[Start of Attachment]

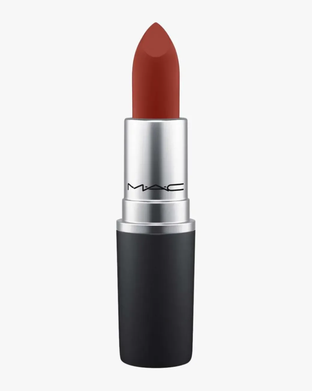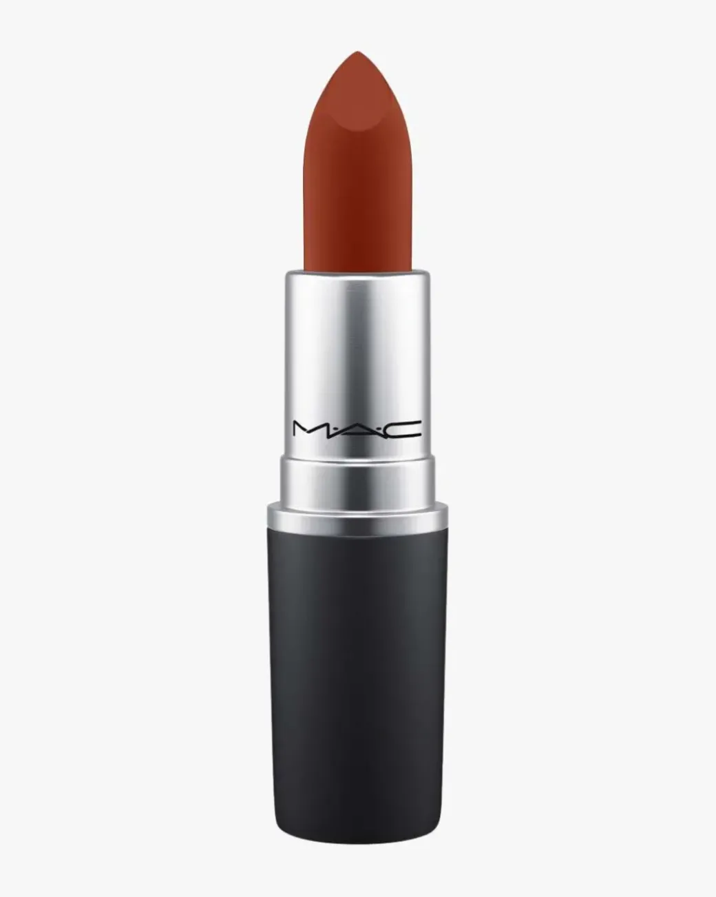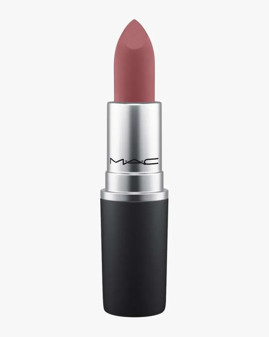 MAC Cosmetics Powder Kiss Lipstick ble utviklet for å gjengi en backstage teknikk hvor man blander ut kantene av en matt leppestift for en disig effekt. Med fuktgivende pudderpigmenter føles den som en fuktgivende leppebalsam, samtidig som den gir en fantastisk matt farge. Resultatet er det matte looket til en klassisk matt leppestift, men med en myk følelse som en leppebalsam.
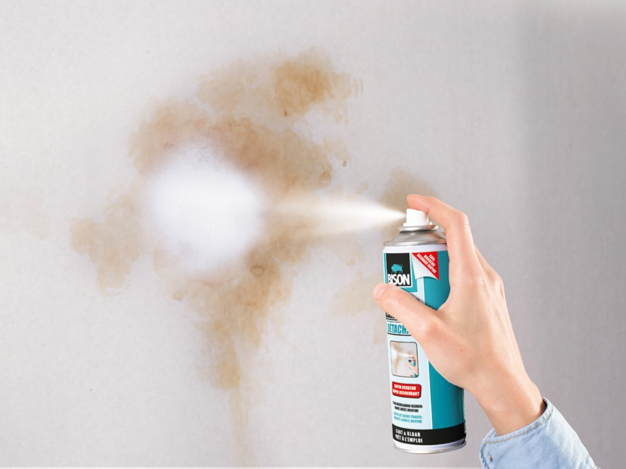 Îndepărtează petele sau orice altă urmă astfel încât ulterior acestea să nu fie vizibile prin noul tapet.
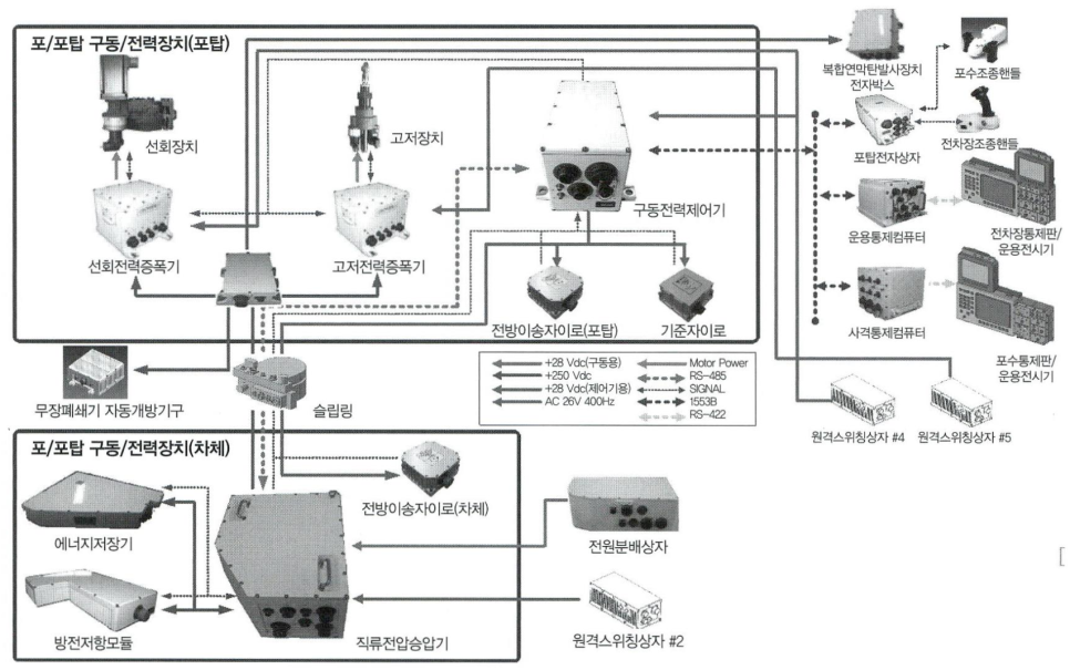 주포 자동고정장치는 자동고정장치 및 제어기로 구성이 되며, 솔레노이드 형식으로 승압기로부터 260Vdc 구동 전원을 공급받아 장전 시 주포를 고정하여 주는 역할을 수행한다. 주포 자동고정장치 제어기는 포/포탑 구동용 제어기와 연결되어 장전각 이동 시 포/포탑 구동용 제어기의 동작 신호를 받아 고전압 분배기로부터 인입된 260Vdc의 구동 전원을 주포 자동고정장치에 전달 및 해제시켜 주는 역할을 수행한다.
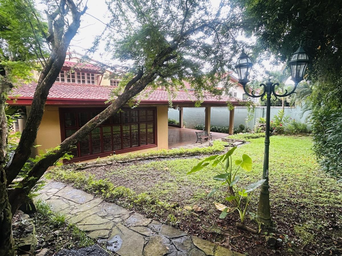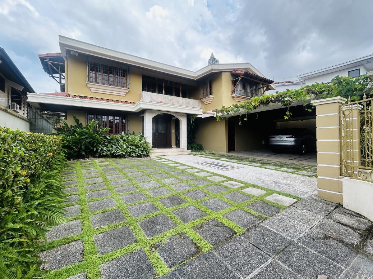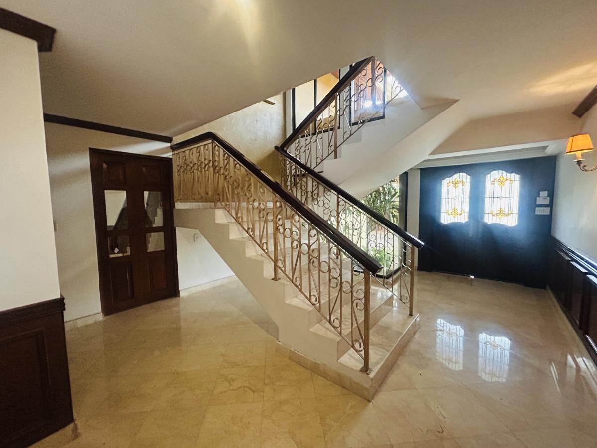 Living in La Alameda means enjoying a well-established residential area with high added value, where family life and urban comfort meet in one place. Surrounded by nature, wide streets, and elegant residences. A serene setting that invites you to walk, exercise, or simply relax. This residence is spread over two floors. The ground floor consists of a foyer, living room, dining room, kitchen, family room, study, guest bathroom, service bedroom and bathroom, laundry room, a large terrace with a bar, and four parking spaces and storage. The upper floor features three bedrooms, each with its own full bathroom, a den, and a balcony where you can enjoy nature. Outside, at the rear of the residence, you will find an annex with a bedroom and full bathroom, and a storage room. There is also a pump room for controlled watering of your plants. The residence features various finishes, including marble and granite floors, wood structures and a tongue-and-groove ceiling, and a gypsum ceiling in the family room. This exclusive neighborhood offers the perfect combination of exclusivity, tranquility, and a strategic location in Panama City.
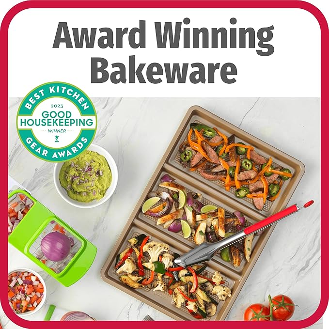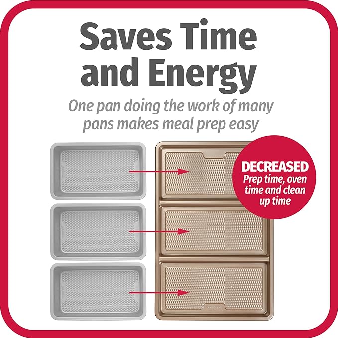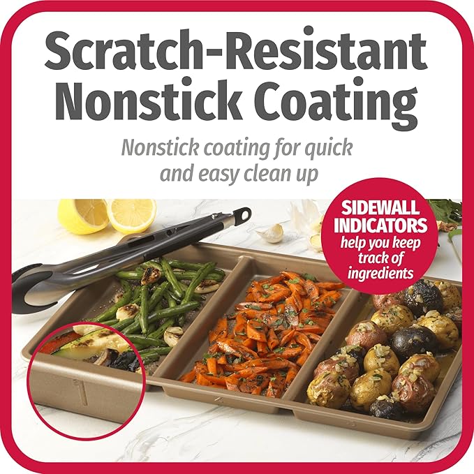 - DIVIDED PAN FOR TIME EFFICIENCY: Experience efficiency with this innovative sheet pan design. Streamline your cooking process by reducing preparation time, oven usage, and cleanup efforts, offering the convenience of multiple pans in one.

[End of Attachment]

* _Work item_:
Please output the listing above exactly from its first line through the line with "주포 자동고정장치는 자동고정장치", both included, and nothing beyond that line. Omit pictures.

* _Solved problem_:
 MAC Cosmetics Powder Kiss Lipstick ble utviklet for å gjengi en backstage teknikk hvor man blander ut kantene av en matt leppestift for en disig effekt. Med fuktgivende pudderpigmenter føles den som en fuktgivende leppebalsam, samtidig som den gir en fantastisk matt farge. Resultatet er det matte looket til en klassisk matt leppestift, men med en myk følelse som en leppebalsam.
 Îndepărtează petele sau orice altă urmă astfel încât ulterior acestea să nu fie vizibile prin noul tapet.
 주포 자동고정장치는 자동고정장치 및 제어기로 구성이 되며, 솔레노이드 형식으로 승압기로부터 260Vdc 구동 전원을 공급받아 장전 시 주포를 고정하여 주는 역할을 수행한다. 주포 자동고정장치 제어기는 포/포탑 구동용 제어기와 연결되어 장전각 이동 시 포/포탑 구동용 제어기의 동작 신호를 받아 고전압 분배기로부터 인입된 260Vdc의 구동 전원을 주포 자동고정장치에 전달 및 해제시켜 주는 역할을 수행한다.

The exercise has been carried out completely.